In spite of ongoing problems with its new $60 million police radio system and an expected cut in its portion of regional homeland security funds, Metro Police Chief Polly Hanson said the 106-mile system is safer than it was just a year ago.
Speaking on the one-year anniversary of the London transit system bombings, Hanson said new technology and training for officers continue to enhance security on the nation’s second largest transit system.
“I don’t know that we are the safest subway system,” Hanson said in an online chat Friday. “But we sure do what we can to makeit as safe as possible for our customers and employees.”
Hanson said the new radio system, which is still being tweaked two years after being installed, has yet to come fully online and forces the 300 officers who patrol the subway system to carry two radios — the old and the new.
Hanson said just seven of the 47 underground stations, among 86 system-wide, have had sound quality problems.
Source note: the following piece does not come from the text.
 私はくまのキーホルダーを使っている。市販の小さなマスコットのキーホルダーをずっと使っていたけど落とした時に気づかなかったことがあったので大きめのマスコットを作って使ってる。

“This summer we are going to take the stations with the worst reception and replace that antenna,” Hanson said. “That work will improve reception at several stations.
“The radios do work at those other seven stations, but not as well as we would like,” he said
The new radios, which have hundreds of channels compared the one channel on the old system, have been installed in an estimated 1,400 buses and nearly 60 police vehicles and work very well, officials said.
Hanson said security on the bus system, which often gets overlooked, is also being boosted with plans to add 20 officers. The agency has also installed security cameras on 585 buses — roughly 40 percent of the fleet — and all of the hundreds of new buses being put on the street in the next year will come equipped with video cameras.
The often-criticized public address system is being upgraded at 37 stations, and last month Metro announced a major lighting initiative which will also help with security, officials said.